World's First Demonstration of a Method for Detecting Early Signs of Road Cave-ins Using Reflected Radio Waves from SAR Satellites
~Enabling efficient and cost-effective identification of potential road cave-in risks without on-site work~

News Highlights:

TOKYO - November 7, 2025 - NTT, Inc. (Headquarters: Chiyoda-ku, Tokyo; President and CEO: Akira Shimada; hereinafter "NTT") has achieved the world's first successful demonstration of a method to detect early signs of road cave-ins using data from SAR satellites. This method enables the efficient and cost-effective identification of high-risk locations without on-site operations.

The technology works by detecting early cave-in signs based on the scattering² of radio waves with multiple polarizations³. The reliability of this technology has been verified through comparison with actual road cavity inspection data.

Building on this achievement, we will further improve the technology's reliability through demonstration experiments conducted in collaboration with local governments, contributing to greater safety and security in society. Under the "NTT C89⁴" brand, we will continue to leverage satellites to address various challenges related to social infrastructure.

The research results will be exhibited at NTT R&D FORUM 2025 IOWN ∴Quantum Leap⁵ to be held from November 19 to 26, 2025.

Figure 1 Overview

Background

In recent years, the deterioration of social infrastructure has progressed, and road cave-in incidents have become a societal concern. Meanwhile, municipalities responsible for managing social infrastructure have limited budgets and personnel, making it difficult to thoroughly maintain and inspect the vast infrastructure network spread across the country.

Currently, on-site visual inspections of underground structures such as sewer systems, which can cause cave-ins, as well as ground-penetrating radar surveys from the surface, are conducted.
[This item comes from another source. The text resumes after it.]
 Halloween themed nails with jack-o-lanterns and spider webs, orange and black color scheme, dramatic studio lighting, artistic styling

However, these methods cover only limited areas and require substantial labor and cost, making it impractical to inspect wide areas comprehensively. In addition, cave-ins caused by underground structures begin with cavity formation and progression below the surface. Satellite-based observations have largely been limited to surface conditions, which has posed challenges for applying satellite data to road cave-in detection.

NTT has also been researching satellite-based methods for estimating soil moisture content to support landslide prediction. The research has demonstrated that radio waves penetrate the soil and that soil moisture content can be estimated with high accuracy by analyzing the degree of wave penetration⁶.

Research Results

Against this backdrop, NTT has demonstrated a method for detecting early signs of road cave-ins using SAR satellites, which utilize radio waves capable of penetrating asphalt. By analyzing multiple polarizations, the method captures signs of potential cave-ins. Prior to a cave-in, the following conditions occur: (i) formation of underground cavities, (ii) ground disturbance, and (iii) surface unevenness (Figure 1). By analyzing the direction and intensity of the radio waves, the method can measure conditions (i) to (iii) (Figure 2). Additionally, by analyzing differences between satellite data collected at two different times, the progression of these conditions (i) to (iii) can be assessed.
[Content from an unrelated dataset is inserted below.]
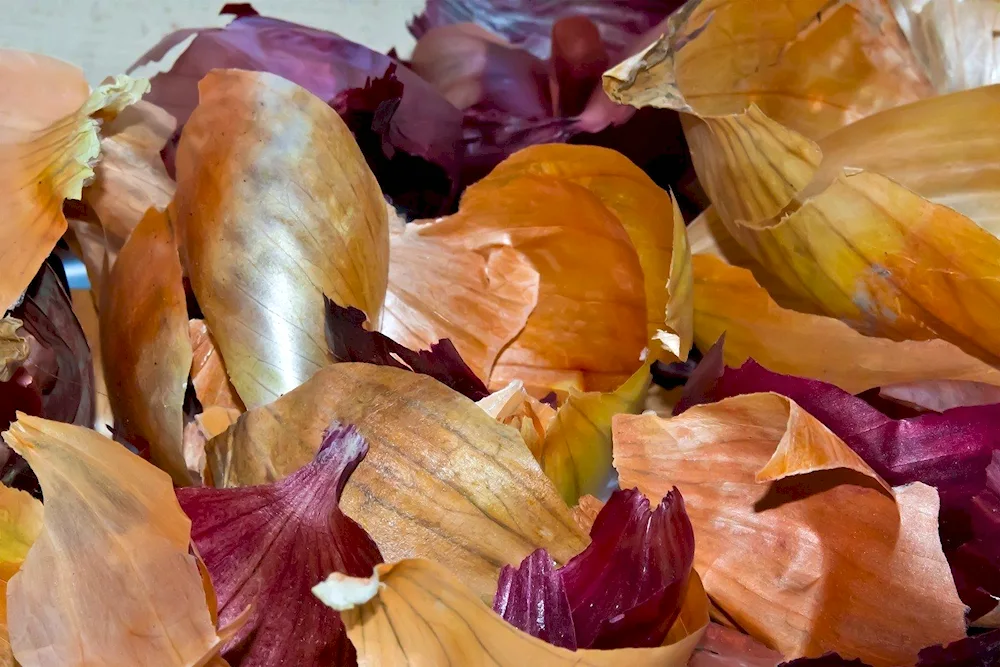 Onion hair dyeing with onion husk. Onion husk dyeing for fabric with onion husk

Through this approach, we have established a method that can directly detect early signs of road cave-ins using radio wave measurements. Verification based on comparison with inspection data of underground cavities confirmed that these cavities can be identified using satellite data alone. Traditionally, vehicle-mounted ground-penetrating radar has been used to identify underground cavities, but applying this new technology is expected to reduce costs by approximately 85 percent.
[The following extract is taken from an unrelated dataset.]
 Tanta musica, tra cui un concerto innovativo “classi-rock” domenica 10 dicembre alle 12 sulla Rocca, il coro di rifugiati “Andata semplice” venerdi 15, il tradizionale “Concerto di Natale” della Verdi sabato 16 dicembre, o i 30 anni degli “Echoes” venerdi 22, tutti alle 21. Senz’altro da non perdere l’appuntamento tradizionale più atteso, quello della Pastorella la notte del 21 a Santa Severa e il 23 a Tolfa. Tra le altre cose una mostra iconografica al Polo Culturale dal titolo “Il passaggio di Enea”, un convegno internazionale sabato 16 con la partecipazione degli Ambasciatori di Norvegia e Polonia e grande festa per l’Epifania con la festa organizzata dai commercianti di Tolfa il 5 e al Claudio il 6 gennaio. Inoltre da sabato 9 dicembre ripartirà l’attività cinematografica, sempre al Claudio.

The optical fiber-based ground monitoring method⁷, previously announced by NTT, is a technology that monitors the progression of underground cavities deep below the surface using underground optical fibers. This method enables early detection of major cavities that may lead to road cave-ins. In contrast, the new technology utilizes satellite-based radio waves and is therefore suited for detecting cavities that form closer to the surface. By using wide-area satellite data, it becomes possible to detect high-risk cavities that have advanced near the surface. Through the complementary use of these technologies, NTT aims to more reliably detect early signs of road cave-ins.

Figure 2 Relationship between scattering captured by satellite data and early signs of road cave-ins

Key Technical Features

■ Identification of high-risk areas using satellite data alone and capability for regular monitoring

This technology does not indirectly estimate potential road cave-ins by combining data from underground utilities, environmental data, and satellite data. Instead, it directly measures conditions using radio waves from SAR satellites. As a result, early signs of road cave-ins can be detected with high reliability using only satellite data obtained from satellites orbiting and observing the Earth.

The mechanisms that lead to road cave-ins are complex, and deterioration can progress suddenly, making periodic inspections conducted every few years insufficient and prone to oversight. In contrast, SAR satellites regularly orbit the Earth, making it easier to monitor conditions more frequently than traditional on-site inspections. Continuous monitoring of road conditions through this technology reduces the risk of overlooking major cavity development.

■ Analysis of signal components derived from transmitted and received radio waves

When radio waves transmitted by SAR satellites interact with the ground, they may be reflected directly back (specular reflection) or scattered in various directions depending on the surface and subsurface conditions. By analyzing the polarization components of the radio waves in transmission and reception, the three scattering components shown in Figure 2 can be identified. By focusing on the process of road cave-in formation and the associated scattering components, this technology has successfully enabled road cave-in detection.

Future Developments

We will work with business partners and local governments to streamline and reduce the cost of inspection operations for preventing road cave-ins. Through demonstration experiments, we aim to further enhance the reliability of this technology. While listening to the needs and challenges faced by municipalities, we will continue developing this method so it can be practically implemented in the field.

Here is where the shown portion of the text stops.